I want to give a quick illustration of the idea that effective applications of machine learning – especially early versions – can be almost embarrassingly simple. This is the broad strokes of a system I implemented that produced a substantial lift in revenue for a large online marketplace.
This marketplace is a bit unusual in that its products are all one of a kind. Every day, we’d list a new batch of products for sale, and the problem I faced was how do I pick which products to recommend to each user.
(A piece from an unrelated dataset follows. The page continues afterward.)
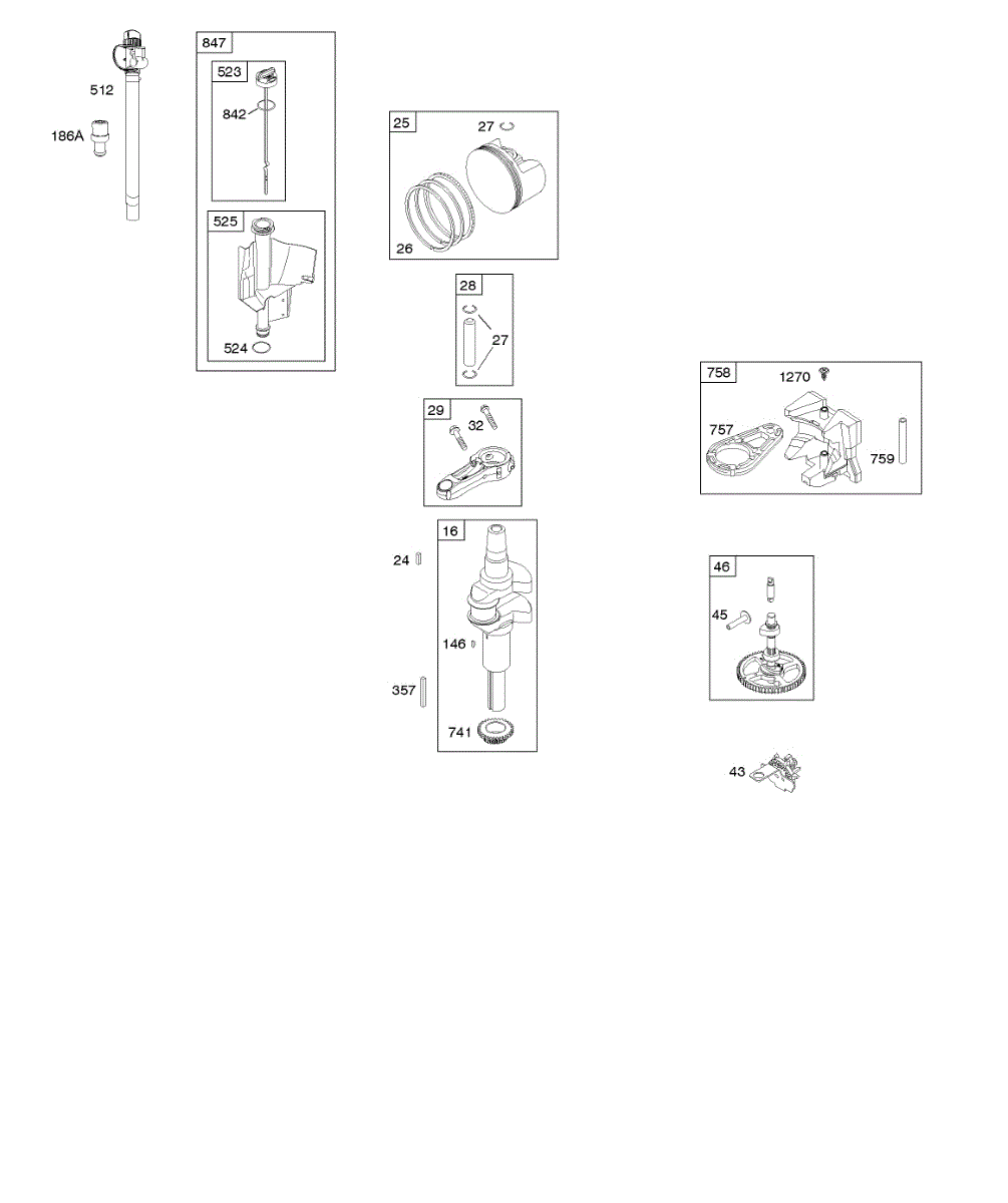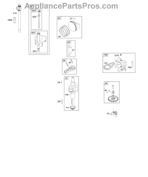Parts for Briggs & Stratton 219802-0132-E1: Camshaft, Crankshaft, Lubrication, Piston, Rings, Connecting Rod Parts

That each product was unique meant that the most common solutions for generating recommendations like a correlation matrix couldn’t be applied since we don’t have historical data about what users who’ve bought the same products had also bought. I did notice, however, when I looked into our data that users had a high affinity for particular types of products. At a coarse level, that meant we could use our product categorization as the basis for recommendations.
The implementation is simple and took less than a plane ride to finish. I wrote a background job that scored each user for their affinity for a category based on usage signals we had available (say, viewing a product, saving a product a wishlist (better signal than just viewing!), purchasing a product (great signal!)), producing a set of scores normalized across our categories that represented each user’s preferences. Those scores were then used when a known user viewed new products to predict which they’d be most interested in.
Split tests showed a substantial lift in revenue from its introduction.
Notes:
- There are, of course, a few wrinkles when deploying a system like this. One is the idea that our confidence in our predictions should be proportional to how well we know that user. The less that’s known about a user, the easier it is to make predictions that overfit for the little we do know.
- Predictive recommendations for engagement are important, but definitely don’t speak to the whole picture for either a user or the business. The ranking system I wrote also incorporated factors like anticipated customer reviews, support workload, customer churn, profitability, etc.